Not exactly leaping from bed, but…

Every once in a while I surprise myself. Somehow I managed to bring
myself from sleeping in bed all the way out to the second revetment
and home again, 5.6 miles, in the predawn chill.

 It helped that I had turned the heat off last night, so the imminent
threat of freezing to death actually woke me up about ten past four,
about five minutes before the alarm went off. I rearranged the
blankets on top of the bed, instead of underneath it, and then the
alarm went. I remember exactly the moment I realized I was going
running: when I put on sweatpants instead of shorts to run to the ab
unit. From there, I just tossed on the jacket (I’d filled the pockets
with all the paraphernalia last night) and I was out the door on my
way to run.

 As a bonus, I even managed to psyche myself into not turning around at
12th street, like I did the day before yesterday. It’s cold out, sure,
and dark because the waxing moon has set long before I start out, and
the other day I told myself that it was okay to turn around, that the
marginal value of running an extra 20 minutes was overcome by the
marginal value of not freezing to death (I think there was a stiffer
wind Saturday, too). But today I felt OK and I realized that once I
was out there, dressed and warmed up, with warm, heavy gloves on, I
might as well just push the extra two miles. So I ran up the hill in
the pleasant darkness all the way to the second revetment and back
comme d’habitude.

 Coming back home along the main boulevard, I pass the car wash and
ice plant, where it’s always a little busy, and then there’s one
block, between the firehouse and the stadium, where every morning it
always seems like toytown down here in the secret city: it’s just so
quiet and peaceful. It reminds me of a Richard Scarry town before all
the madness begins, or maybe that’s just my impression of my little
secret city here: by day, it’s a little busytown, with the distinctive
rumble of the Mitsubishi standard-transmission 23-pax buses and the
water splashing out of the tops of the water trucks as they apparently
drive in endless loops around town. And every once in a while a house
or a bathroom will drive by (on the back of a flatbed, usually).

 

Can I take that back and try to wake up again?
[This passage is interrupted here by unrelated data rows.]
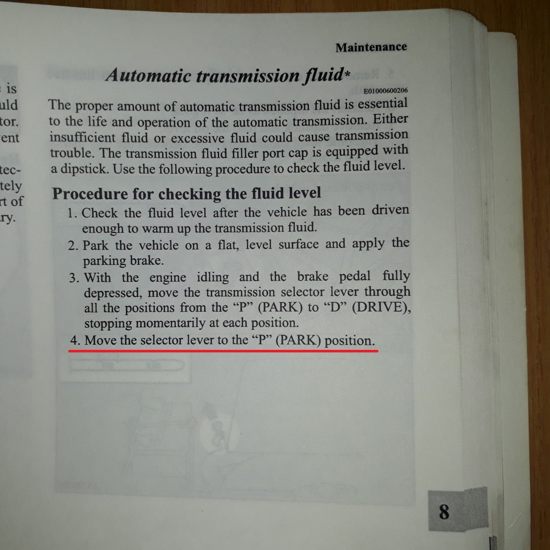 My service and owner's manual says otherwise.macjohnw wrote:I see my manual says the car must be in park, while idling, in order to check the level. Or am I mistaken?4ePikanini wrote: NOTE : The level must be checked while car is parked on level surface. It must be idling and the box in neutral..
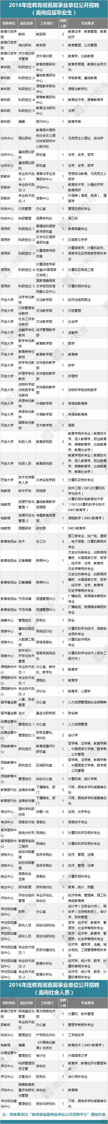 近日,2016年度教育部部分直属事业单位面向普通高等学校应届毕业生和社会在职人员统一公开招聘啦!
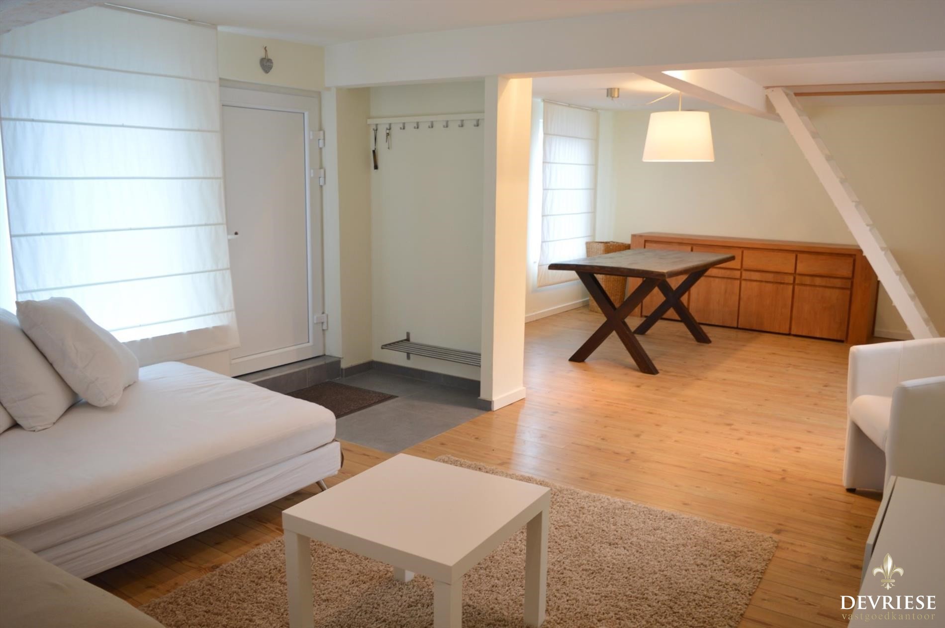 Ruime leefruimte met open ingerichte keuken. Aangenaam vertoeven dankzij heel wat natuurlijk lichtinval. Onderhoudsvriendelijke badkamer met douche, toilet en een geïntegreerde wasplaats.
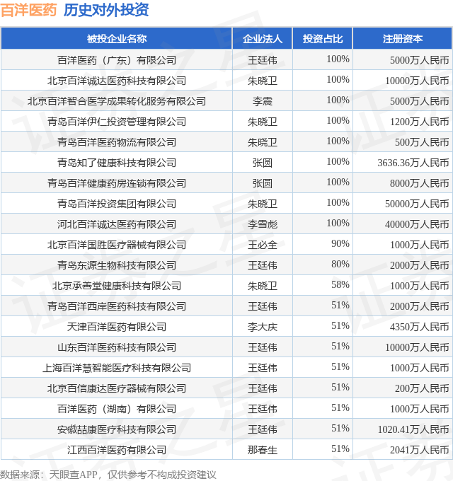 本站音问,把柄天眼查APP泄漏,百洋医药(301015.SZ)新增沿途对外投资事件,被投资公司为百洋医药(广东)有限公司,法定代表东说念主王廷伟,投资占比为100%。该公司从事医药制造业,注册成本为5000万东说念主民币。现在,百洋医药共存在对外投资28项,投资占比前20的技俩见下表:

What a surprise! I woke up not ten minutes ago [back at four forty-five a.m., but no internet until now] to a rushing heartbeat and the unmistakable wobbly sensation of being too far up a coniferous tree. Plus the pegs feel like twin Jul logs of lactic acid, smoldering away for a third party to appreciate.
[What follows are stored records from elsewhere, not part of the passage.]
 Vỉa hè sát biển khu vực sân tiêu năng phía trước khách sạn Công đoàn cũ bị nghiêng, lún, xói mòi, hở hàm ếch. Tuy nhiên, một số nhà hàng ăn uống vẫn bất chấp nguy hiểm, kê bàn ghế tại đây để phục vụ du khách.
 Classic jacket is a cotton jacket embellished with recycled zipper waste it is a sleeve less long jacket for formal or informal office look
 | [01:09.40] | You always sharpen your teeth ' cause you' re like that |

I shed the pajamas, pulled on shorts, and socks, and the old pair of trainers, and went out for a quick trip to the ab unit, feeling bewildered. What kind of switcheroo was this, G. Samsa of Secret City? What happened to the chipper fellow I’d gone to sleep as, who’d dined on beet salad, three cups of tea, a slice of pizza, and a manageable scoop of coffee ice cream?
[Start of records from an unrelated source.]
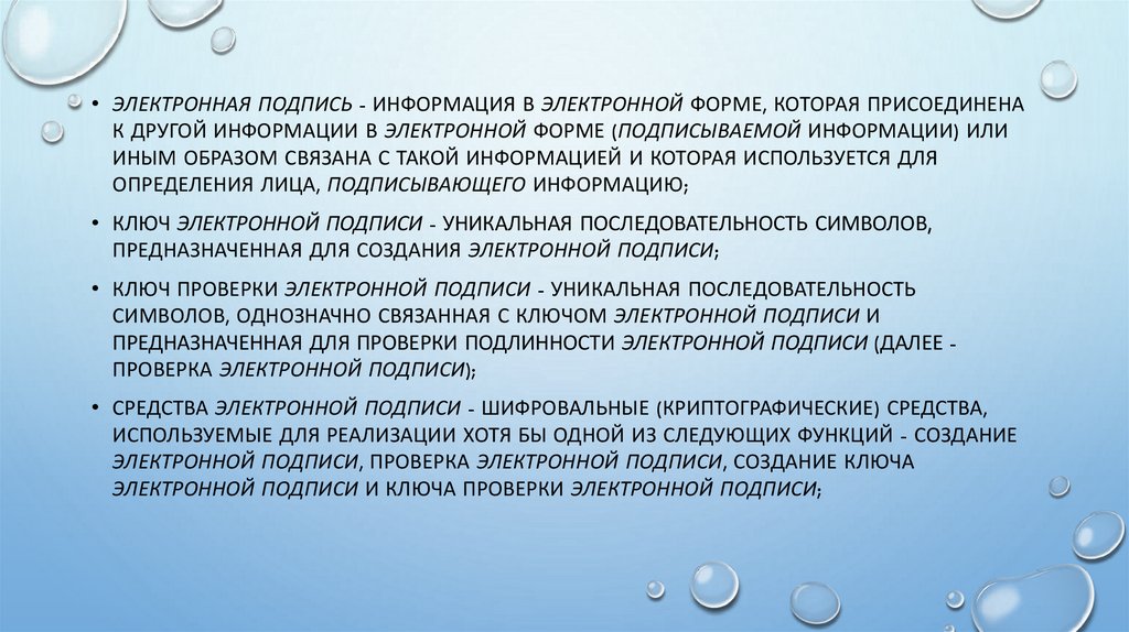 • КЛЮЧ ЭЛЕКТРОННОЙ ПОДПИСИ - УНИКАЛЬНАЯ ПОСЛЕДОВАТЕЛЬНОСТЬ СИМВОЛОВ,
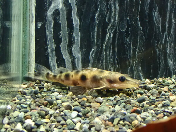 個人的にはシルルスの中でも一番キレイな種類ではないかと思っているのがイワトコナマズ。シルエットは薄い頭部で大型になるビワコオオナマズの方がカッコいいと思いますが、キレイさでは濃い金色と黒褐色の雲状班がバキバキに発色したイワトコナマズの方が上だと思います。30cm位の個体が入荷するとそういうキレイな発色が見られるんですが、最近イワトコの大きめって全然入荷しないんですよね・・・、なので小さいのから育ててみてください!
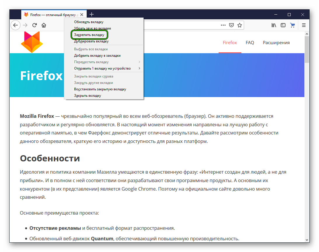 Еще одна функция, о который мы уже немного упомянули – это закрепление вкладок. Она позволяет закрепить выбранную вкладку на всё время. То есть, если при сохранении вкладок выполняется сохранение только предыдущей сессии, то при закреплении вкладок, вкладки будут всегда отображаться в строке активных страниц.
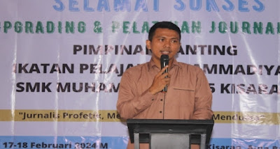 Ketua Umum Pimpinan Ranting Ikatan Pelajar Muhammadiyah (PR. IPM) Kiki Rizki Ananda Panjaitan dalam sambutannya mengucapkan terima kasih kepada kepala sekolah dan kakak-kakak dari Ikatan Alumni (IKA) SMK Muhammadiyah 5 Kisaran yang telah menyelenggarakan kegiatan Upgrading dan Pelatihan Jurnalistik yang akan dilaksanakan Hingga hari Ahad, 18 Februari 2024 mendatang.

I’d been ready, I’d been motivated. I’d read about Jean C installing a new kitchen sink. Was all that preparation just a blithe, fantastical dream? Is this sad state my reality? A drab paneled cube of lodging space furnished with empty beds and dusty footlockers, invisibly striated like a USA Today weather map by the crisp, dry and insufficient heat from the wall unit? A googly-eyed trio of stuffed animals, all repeating the same story when asked about my motivation—ya se fue, boss, it done left.